The administration also initiated a schools uniform project. The governor explains that several thousands of new jobs would be created, and about N3bn would go into the pockets of the ordinary citizens.
But for all these, the man who claimed he is on a rescue mission in Osun seems to know more is needed to take the State to an enviable height, so, he says, "We are not there yet, but we are well on the way."
In recognition of his developmental strides and good governance in Osun, the NEPAD Business Group, Nigeria (NBGN) has honoured the governor with an award of Excellence and Good Governance.
According to Mr.
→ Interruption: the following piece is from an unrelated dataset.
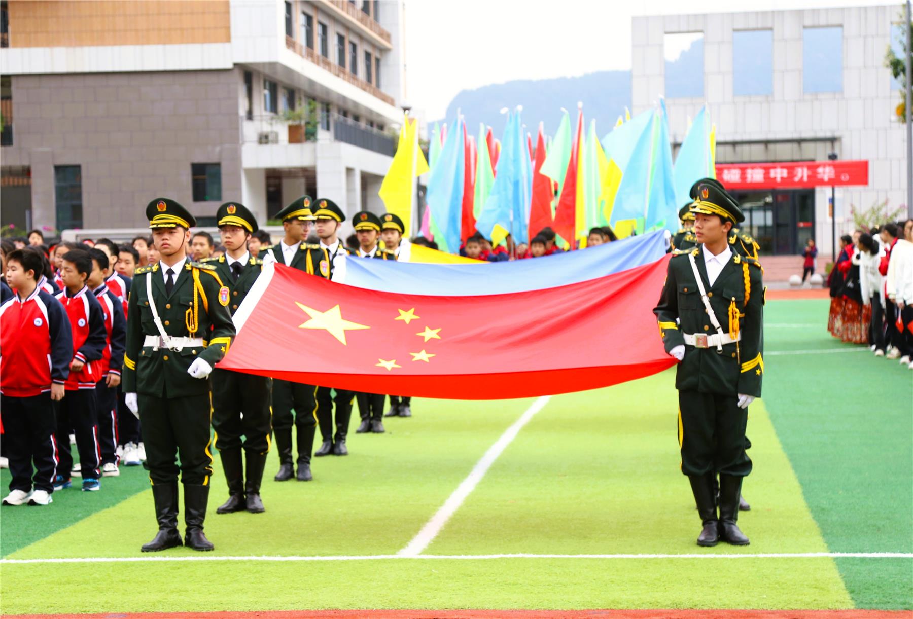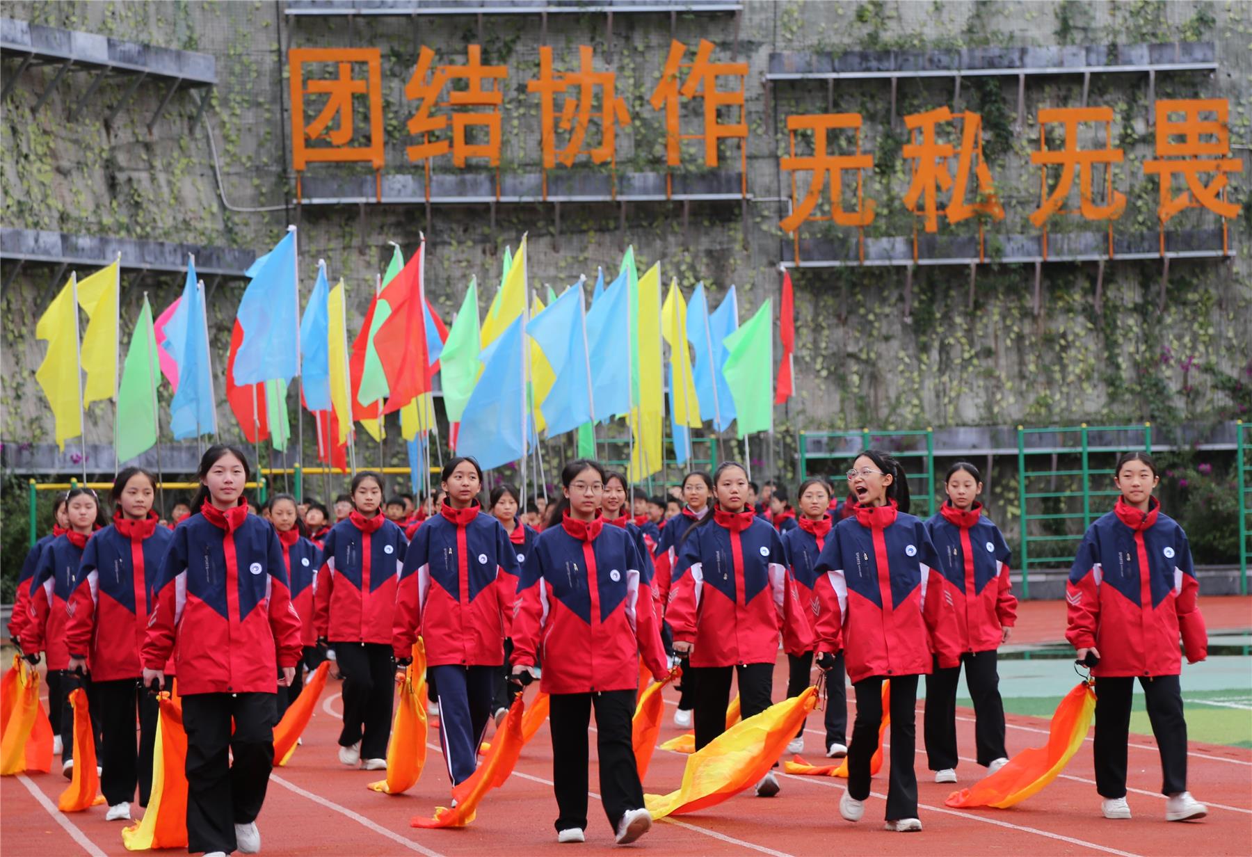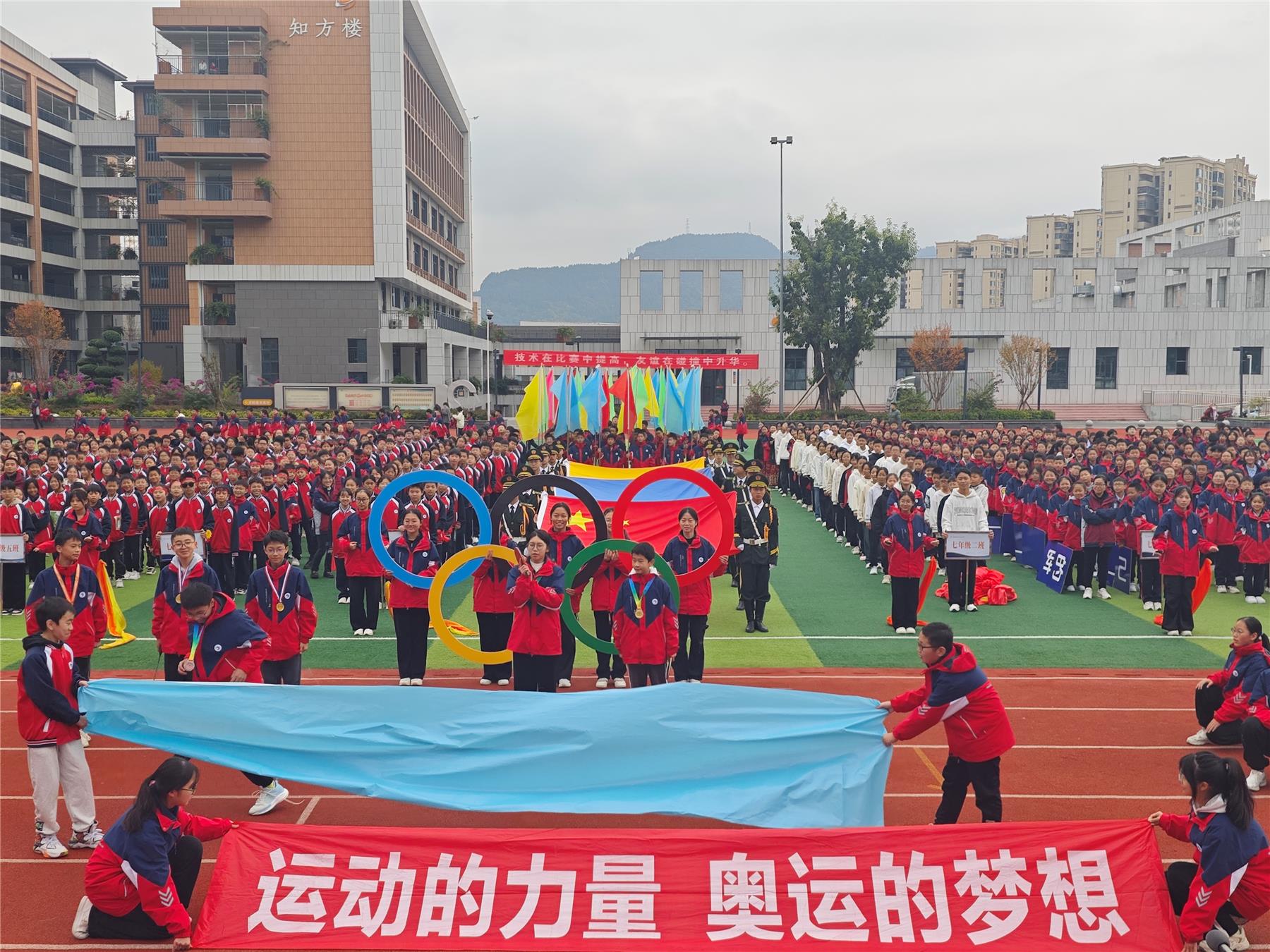 在激昂、雄浑的《运动员进行曲》旋律中,开幕式精彩上演。伴随着生动的解说,国旗方阵率先步入会场,引领着这场盛大的庆典。紧随其后的是校旗方队和校徽方队,他们步伐矫健,气势如虹,依次通过主席台。

Goodie Ibru, the Chairman of NBGN, ten governors were chosen after a rigorous screening exercise undertaken by a six man group of experts gathering and analysing information about the activities of the governors in their respective state.
The group considered the performance of the governors in the context of poverty reduction programmes and policies, infrastructural renewal and development, youth empowerment projects, health development programmes, sustainable environmental projects and policies and lastly public/private partnership initiative.
In arriving at its judgment ratified by the NBGN Board, Mr. Ibru says, 'the group was never unmindful that the awardees still have a lot of work at hand in spite of the realities and peculiarities of their respective states'.
NBGN Award of Excellence and Good Governance was instituted to appreciate and motivate the governors so that they can further deliver democracy dividends and consequently achieve the elusive Millennium Development Goals (MDG).